Start of RAW DATA
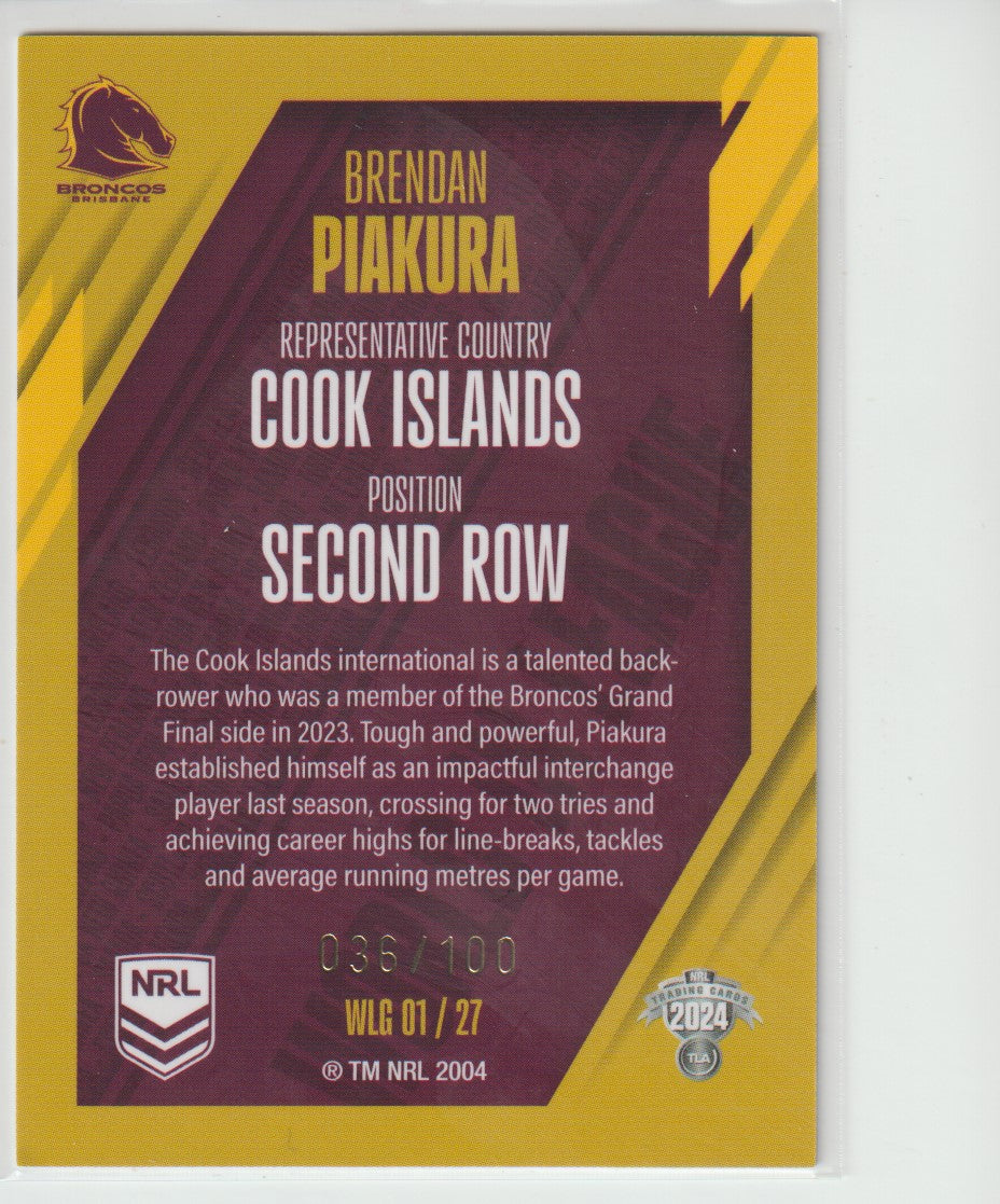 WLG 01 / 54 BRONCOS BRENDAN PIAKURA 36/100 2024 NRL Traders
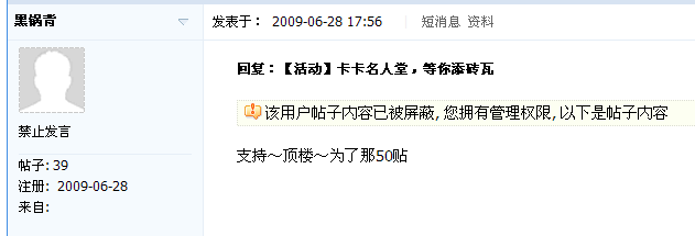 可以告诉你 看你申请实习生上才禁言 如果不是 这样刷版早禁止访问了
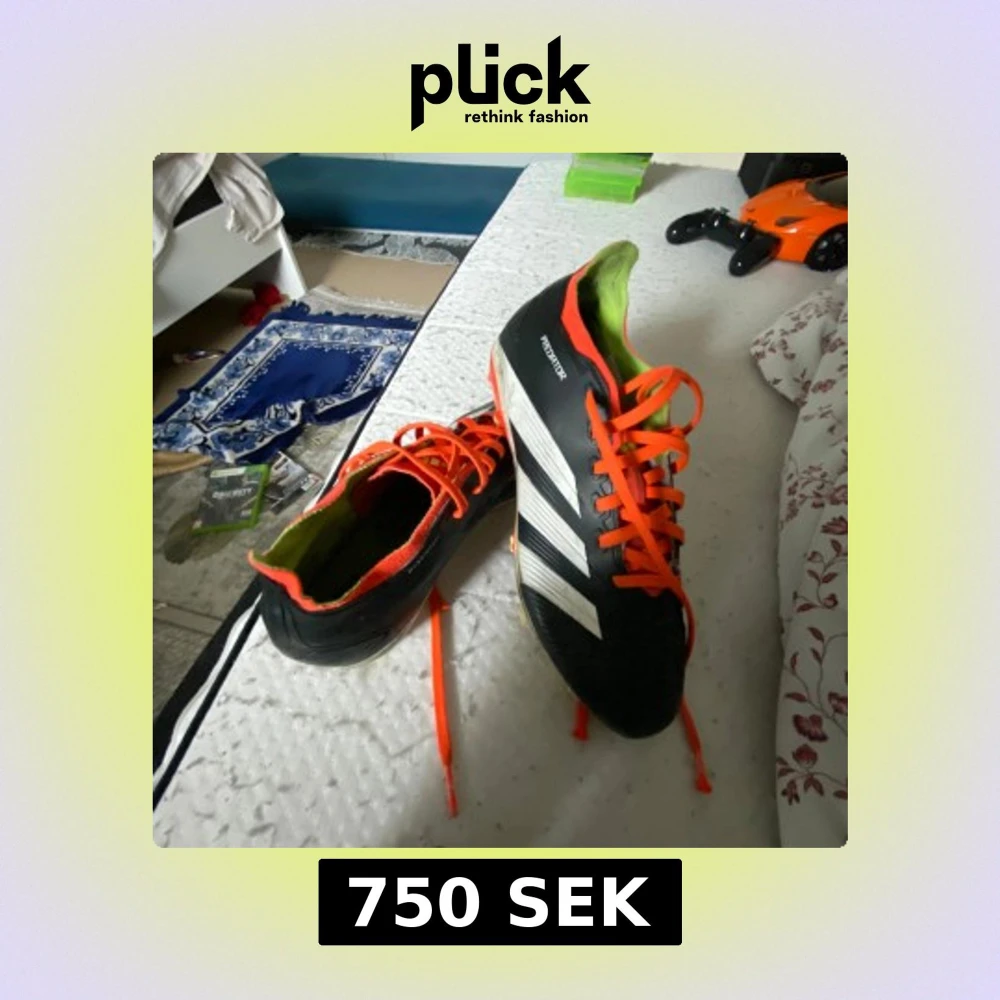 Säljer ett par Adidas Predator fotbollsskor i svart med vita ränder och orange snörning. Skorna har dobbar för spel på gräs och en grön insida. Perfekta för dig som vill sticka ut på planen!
End of RAW DATA
- **TRY IT**: Write out the whole listing again, exactly, with no pictures.

- **WORKED SOLUTION**:
 WLG 01 / 54 BRONCOS BRENDAN PIAKURA 36/100 2024 NRL Traders
 可以告诉你 看你申请实习生上才禁言 如果不是 这样刷版早禁止访问了
 Säljer ett par Adidas Predator fotbollsskor i svart med vita ränder och orange snörning. Skorna har dobbar för spel på gräs och en grön insida. Perfekta för dig som vill sticka ut på planen!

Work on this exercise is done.